STORED DATA:
┌──

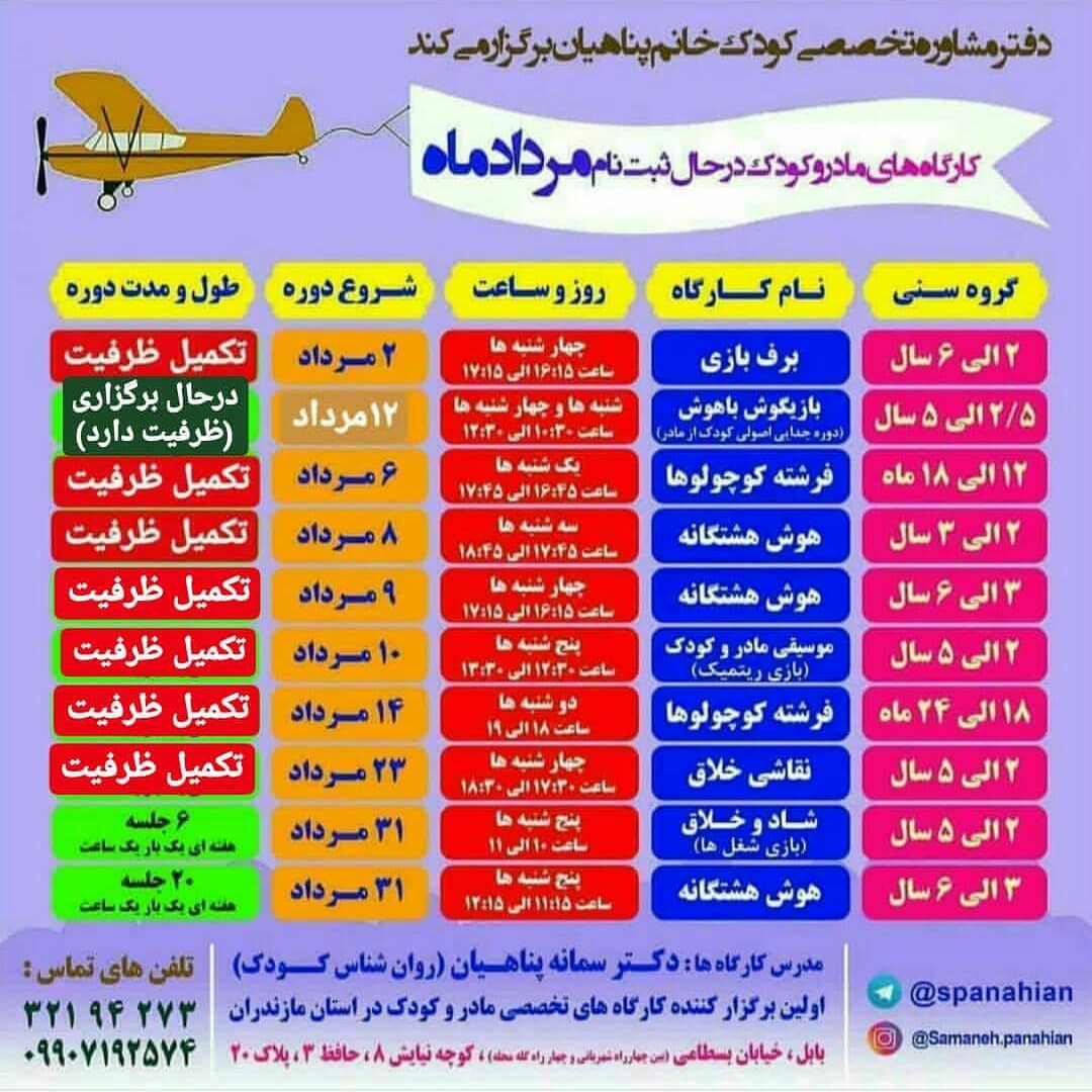 ✨کارگاه های دارای ظرفیت مرداد ماه 💠 شماره های تماس جهت گرفتن اطلاعات بیشتر و ثبت نام: ☎️09907192574 32194273 @spanahian #سمانه_پناهیان #روانشناس_کودک #اولین_برگزارکننده_کارگاههای_تخصصی_مادروکودک_در_استان_مازندران #دارنده_مجوز_رسمی_از_سازمان_نظام_روانشناسی_و_مشاوره_کشور
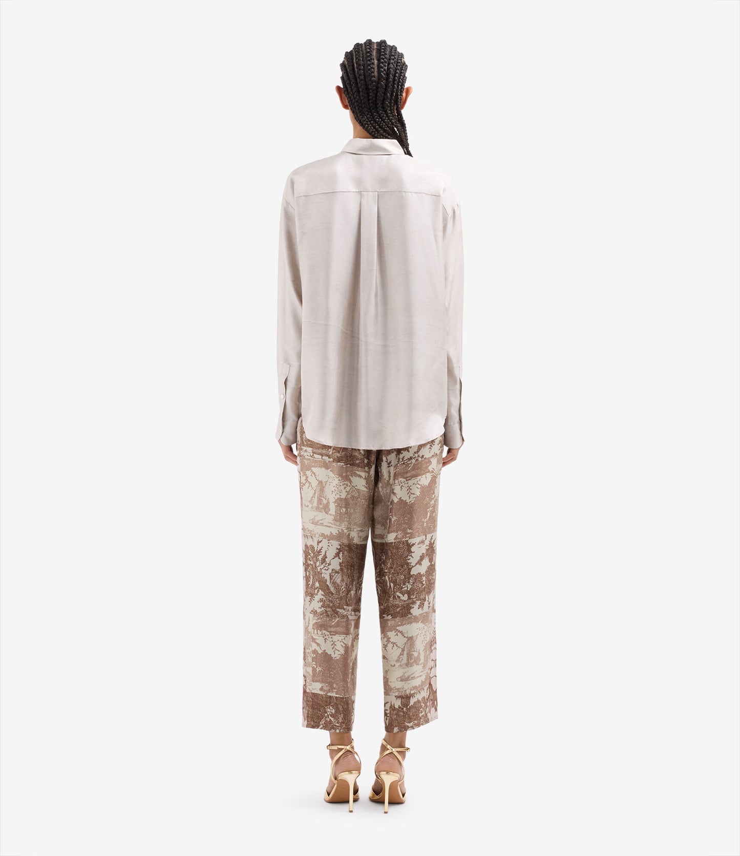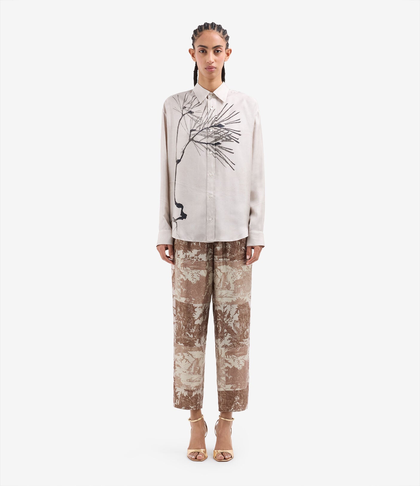 This exquisite silk shirt features a relaxed fit with a classic collar and buttoned cuffs, adorned with an artistic black brushstroke motif on a soft beige backdrop, evoking serene elegance. The fluid fabric and minimalist design offer a harmonious blend of art and fashion, perfect for a sophisticated look.
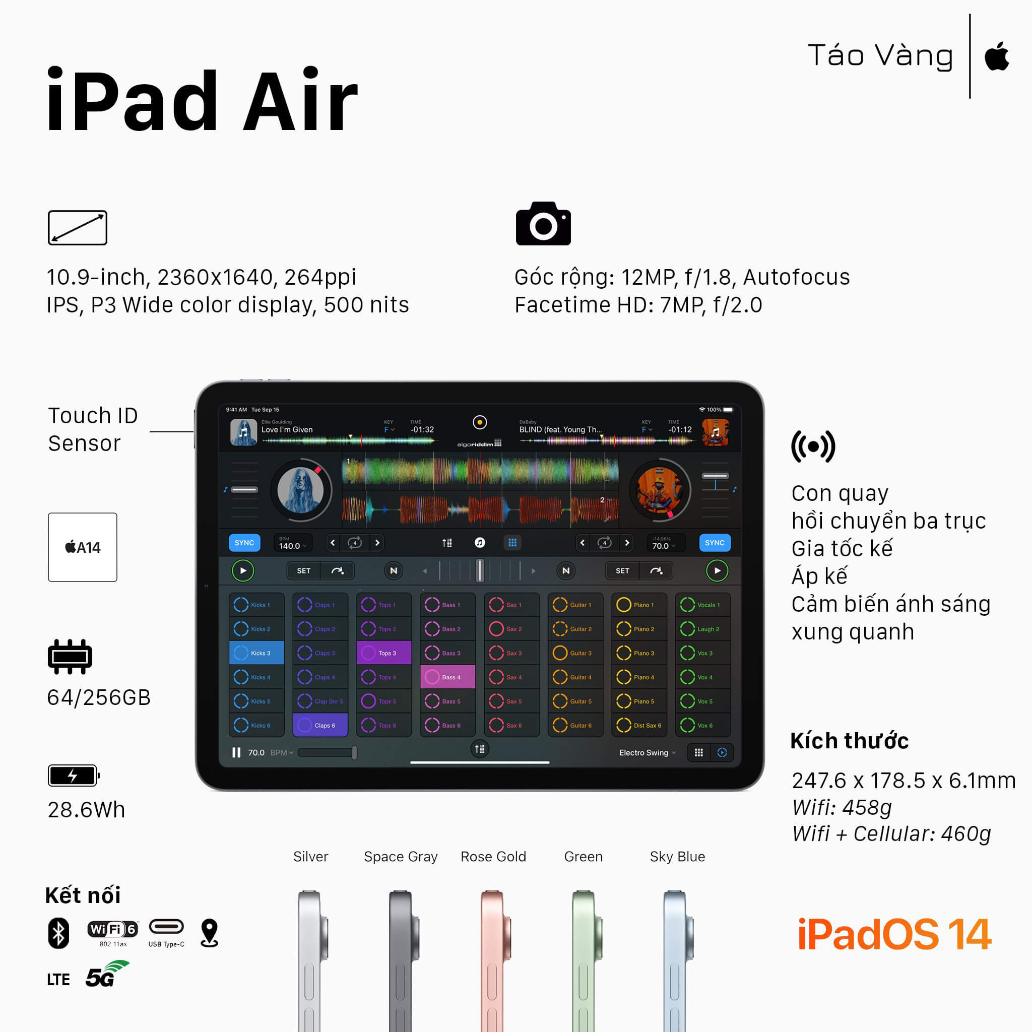 iPad Air mới hỗ trợ bút Apple Pencil 2, đồng thời phụ kiện bàn phím Smart Keyboard Folio và Magic Keyboard của phiên bản iPad Pro 11 (2020). Máy cũng có kết nối Wi-Fi 6, Bluetooth, tuỳ chọn LTE, 2 mức bộ nhớ lưu trữ 64 GB và 256 GB.

└──

WHAT YOU HAVE TO DO: In the reply, every line of the material above is to be reproduced verbatim, and the images are to be left out.

FINISHED EXERCISE:
 ✨کارگاه های دارای ظرفیت مرداد ماه 💠 شماره های تماس جهت گرفتن اطلاعات بیشتر و ثبت نام: ☎️09907192574 32194273 @spanahian #سمانه_پناهیان #روانشناس_کودک #اولین_برگزارکننده_کارگاههای_تخصصی_مادروکودک_در_استان_مازندران #دارنده_مجوز_رسمی_از_سازمان_نظام_روانشناسی_و_مشاوره_کشور
 This exquisite silk shirt features a relaxed fit with a classic collar and buttoned cuffs, adorned with an artistic black brushstroke motif on a soft beige backdrop, evoking serene elegance. The fluid fabric and minimalist design offer a harmonious blend of art and fashion, perfect for a sophisticated look.
 iPad Air mới hỗ trợ bút Apple Pencil 2, đồng thời phụ kiện bàn phím Smart Keyboard Folio và Magic Keyboard của phiên bản iPad Pro 11 (2020). Máy cũng có kết nối Wi-Fi 6, Bluetooth, tuỳ chọn LTE, 2 mức bộ nhớ lưu trữ 64 GB và 256 GB.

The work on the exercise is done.